Requirement
What is needed is an exact copy of the whole listing below, with no pictures.

Provided material
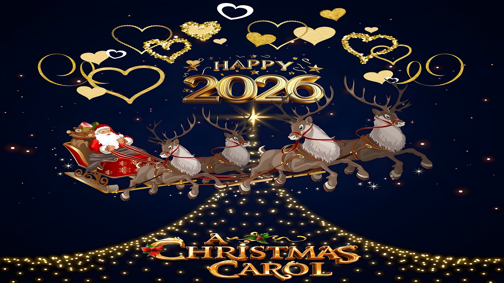 Christmas carol happy 2026 this festive HD wallpaper captures the enchanting spirit of the holiday season and the excitement of welcoming 2026. Featuring Santa Claus in a beautifully ornate red sleigh pulled by four reindeer, the image soars through a starry night sky filled with golden sparkles and shimmering hearts.
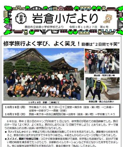 学校だより10月号 公開日 2021/10/27 更新日 2021/10/27 お知らせ ご一読ください・ 学校だより10月号←ここをクリック <今月号の内容> 修学旅行「よく学び、よく笑え」 今週土曜、運動会 コロナによる登校自粛の変更 登下校ボランティアアンケート 栄光の記録
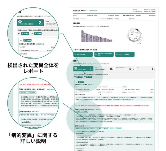 ジーネックスの全ゲノム検査レポートイメージ
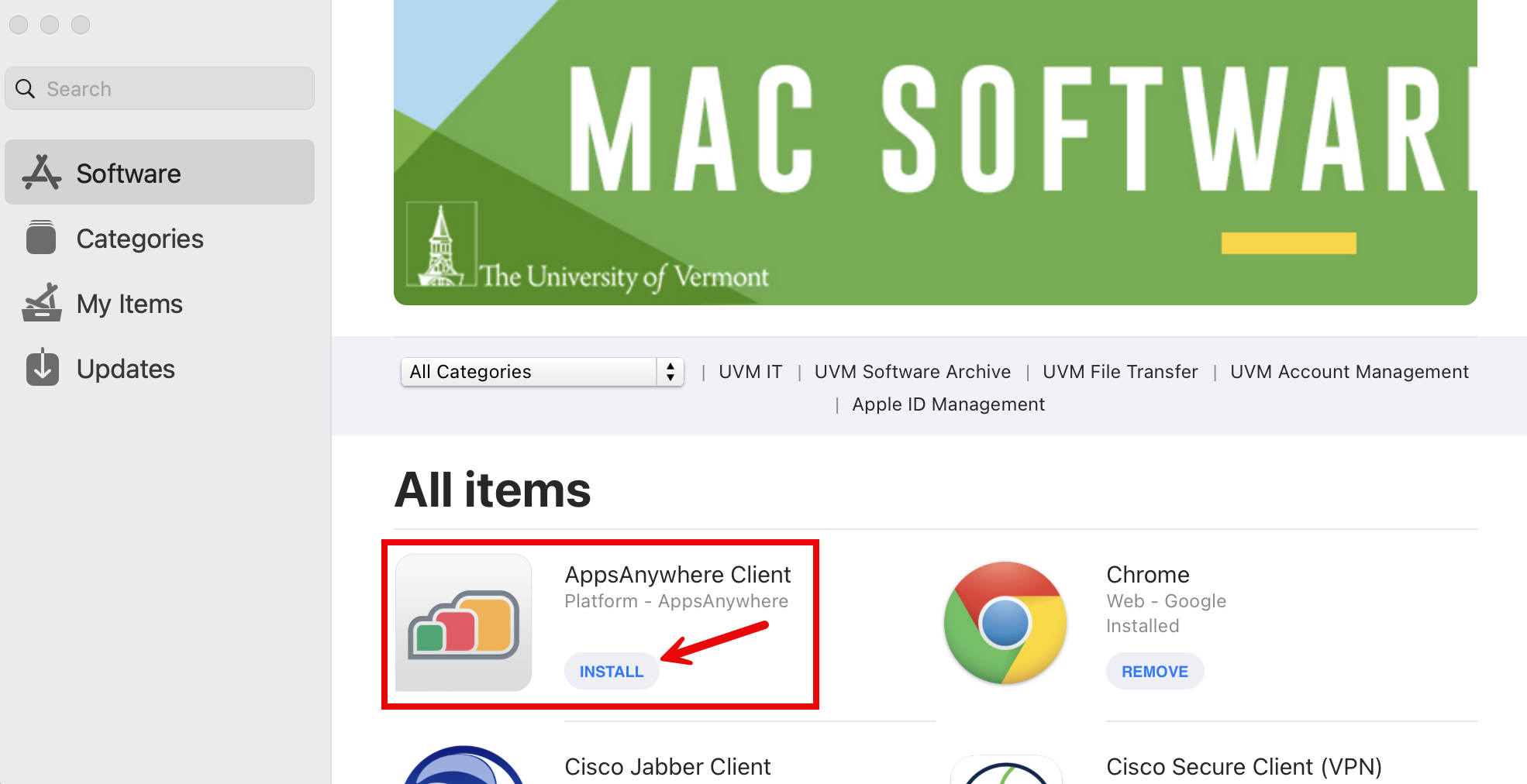 Managed Software Center comes pre-installed on UVM owned laptops that have been enrolled in the Apple DEP program, but can also be installed manually as needed.

Reply to the exercise
 Christmas carol happy 2026 this festive HD wallpaper captures the enchanting spirit of the holiday season and the excitement of welcoming 2026. Featuring Santa Claus in a beautifully ornate red sleigh pulled by four reindeer, the image soars through a starry night sky filled with golden sparkles and shimmering hearts.
 学校だより10月号 公開日 2021/10/27 更新日 2021/10/27 お知らせ ご一読ください・ 学校だより10月号←ここをクリック <今月号の内容> 修学旅行「よく学び、よく笑え」 今週土曜、運動会 コロナによる登校自粛の変更 登下校ボランティアアンケート 栄光の記録
 ジーネックスの全ゲノム検査レポートイメージ
 Managed Software Center comes pre-installed on UVM owned laptops that have been enrolled in the Apple DEP program, but can also be installed manually as needed.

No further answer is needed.